Lyn's Picks: 29 Mar cover photo on Stagedoor
What's caught the attention of our resident critic this week?

Open Mic

The theatremaker behind the brilliant Bullet Catch returns with an interactive online show (available through Soho Theatre’s website) which poses the question: 'Do you remember the last really fun night out before the pandemic hit?' Directed by English Touring Theatre’s Richard Twyman, the show invites the audience to share their stories and secrets from the last year in a show that will be delivered live from Soho’s downstairs cabaret bar. Now, it may not sound like much but Drummond is an ingenious and always surprising theatremaker, and one who is often a bit of a magician in the way he incorporates the audience in his shows so that they become collaborators in the making of it. So, I’d say, well worth the risk.
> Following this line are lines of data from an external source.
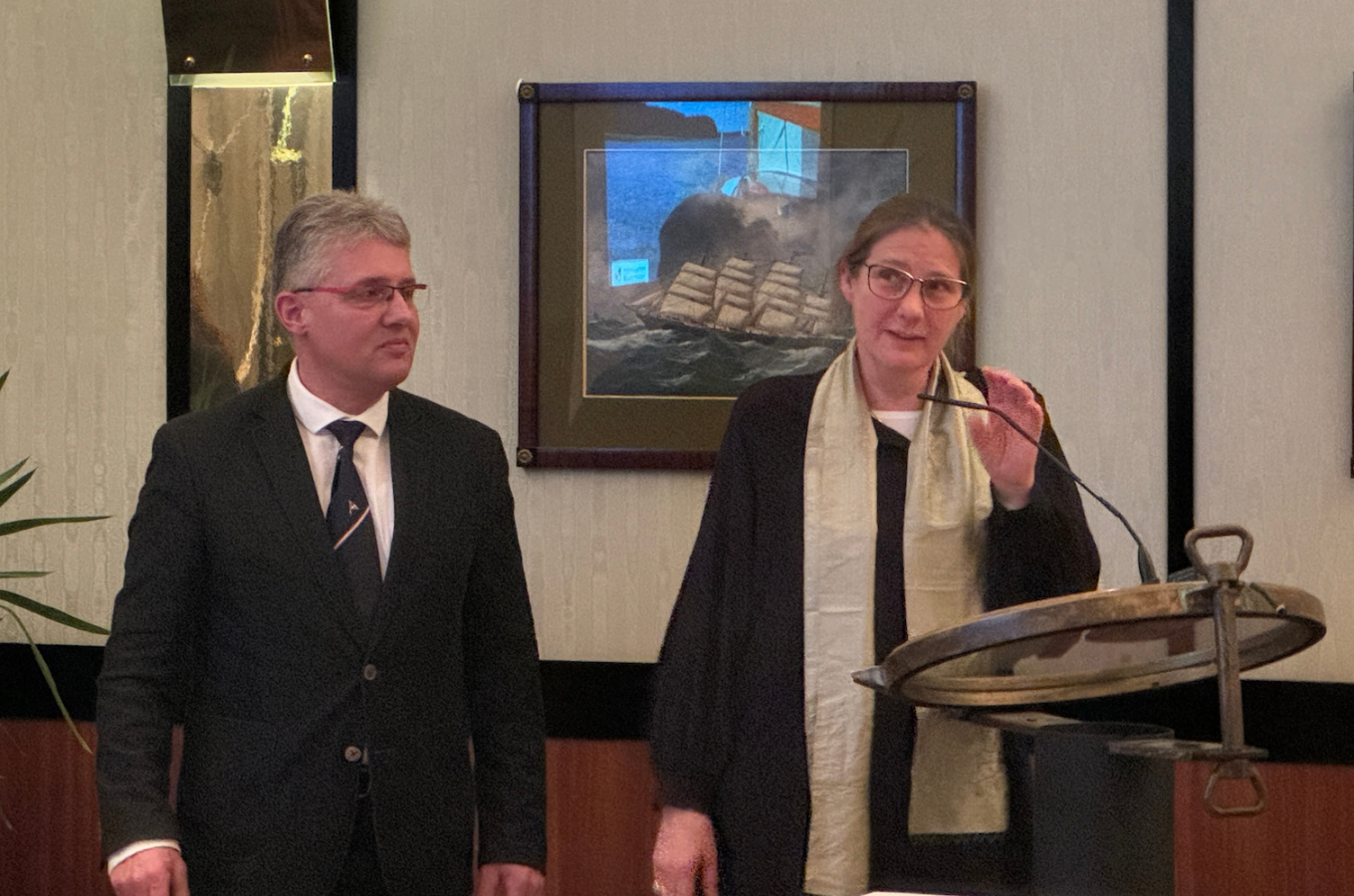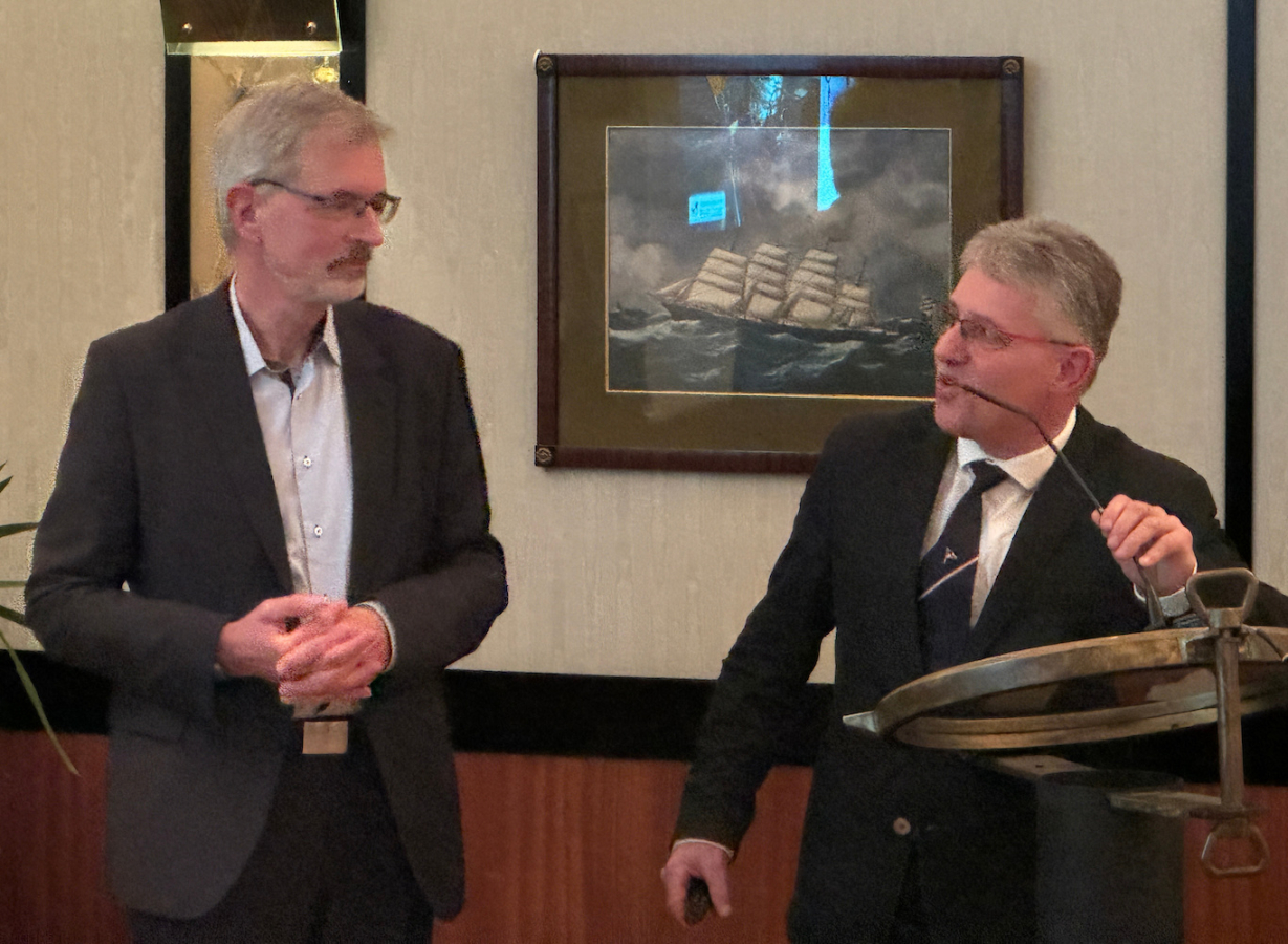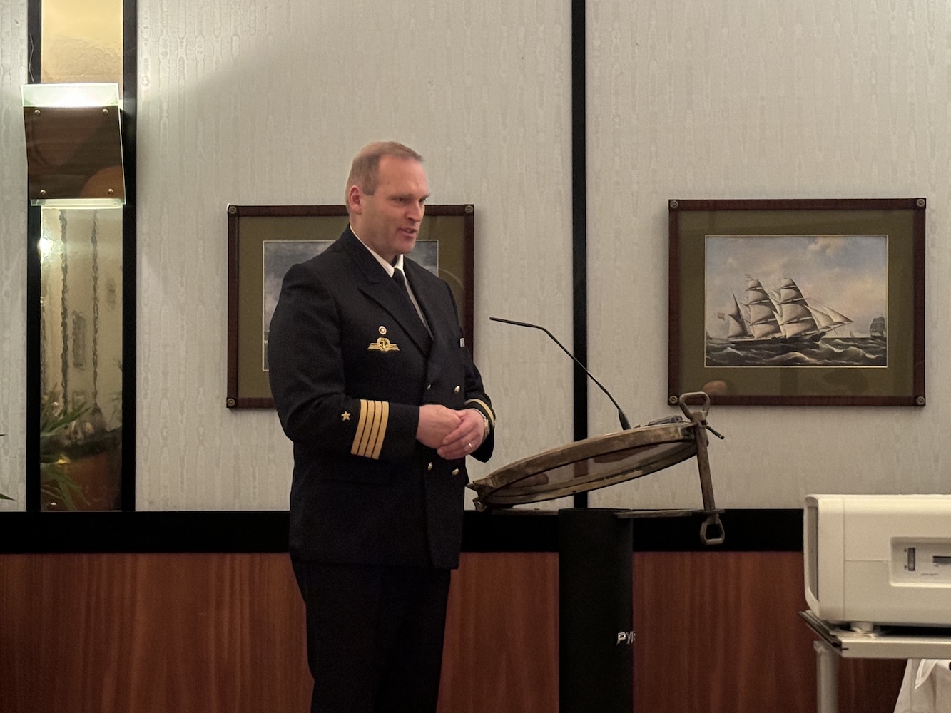 Einen überaus attraktiven Zwischengang, stellte die Rede des Kommandanten der Gorch Fock, KptzS Andreas-Peter Graf von Kielmansegg, dar. Der Kommandant hob den Wert dieser über lange Jahre gewachsenen Freundschaft, über Generationen, Dienstposten- und Ämterwechsel hinweg, hervor, der für die Besatzung der Gorch Fock besonders in den schwierigen Zeiten der Werft spürbar wurde. Die Hilfe und der Zuspruch, die durch den Potsdamer Yacht Club kamen, seien nicht vergessen. Er freue sich, so Graf von Kielmansegg, dass man nun ein bisschen etwas zurückgeben könne, indem im vergangenen Jahr Mitglieder des PYC an Bord begrüßt werden durften. Die Potsdamer, die mitgefahren sind, seien ihnen allen sehr willkommene Bordkameraden gewesen - die Großen wie die Kleinen. Ein solches Angebot hofft der Kommandant dem Club auch in diesem Jahr unterbreiten zu können, aller Voraussicht nach Anfang August im Zusammenhang mit einer Einladung des Segelschulschiffs zu einem Großseglertreffen nach Stettin und der anschließenden Weiterfahrt zur Hanse Sail nach Warnemünde bzw. der Heimreise zurück nach Kiel. [Martin Meyers Doku der Reise 2023 im PYC-YouTube-Channel bzw. s.u.]
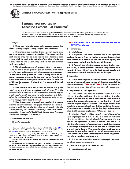This test method covers asbestos-cement flat sheets, roofing shingles, siding shingles, and clapboards. Each test specimen should be cut to specification without cracks and damage. This test method details the significance and use of routine test procedures for flexural strength, deflection, water absorption, and dimensions.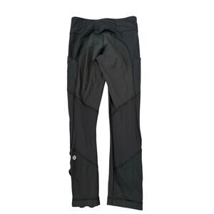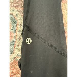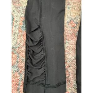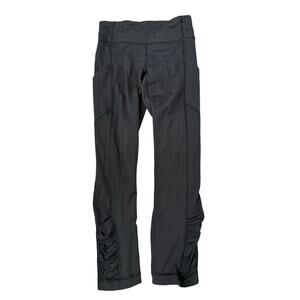 Lululemon size 4 black leggings. 24” inseam and ruching at the calf area. Great condition. Back pocket

Hysterical! The Hilarious History of Hysteria

Freud thought women suffered from it. The Victorians called it 'the vapours'. The Greeks thought it was caused by a wandering womb. In this new film, written and performed by Rebecca Buckle, and available via the Theatre Royal Stratford East website, the history of hysteria is uncovered in a comedy-lecture by a woman who is unafraid to label herself 'hysterical'. Mina Barber directs a show that charts thousands of years and takes us from Plato to the witch trials, as Buckle investigates a label that has been stuck on women for over 2,000 years.

The House of Bernarda Alba

There’s a final chance this week to catch Graeae’s fine 2017 revival of Lorca’s last great play completed shortly before his arrest and murder by Franco’s fascists in 1936. A co-production with Manchester’s Royal Exchange, the marvellous Kathryn Hunter plays the widowed matriarch Bernarda Alba who has locked her five daughters up in their Andalusian home and rules them with an iron will. An integrated cast of Deaf and disabled actors work brilliantly together in a production in which British sign language is used to add layers of meaning to Lorca’s text with its themes of power, punishment, thwarted desire and intimacy. Jo Clifford’s version is keen to the original’s political metaphor about repression and small acts of rebellion that take on greater significance.

You can find lots of streaming theatre shows - many of them available for free - in our Streamdoor guide

Cover image from Graeae's House Of Bernarda Alba.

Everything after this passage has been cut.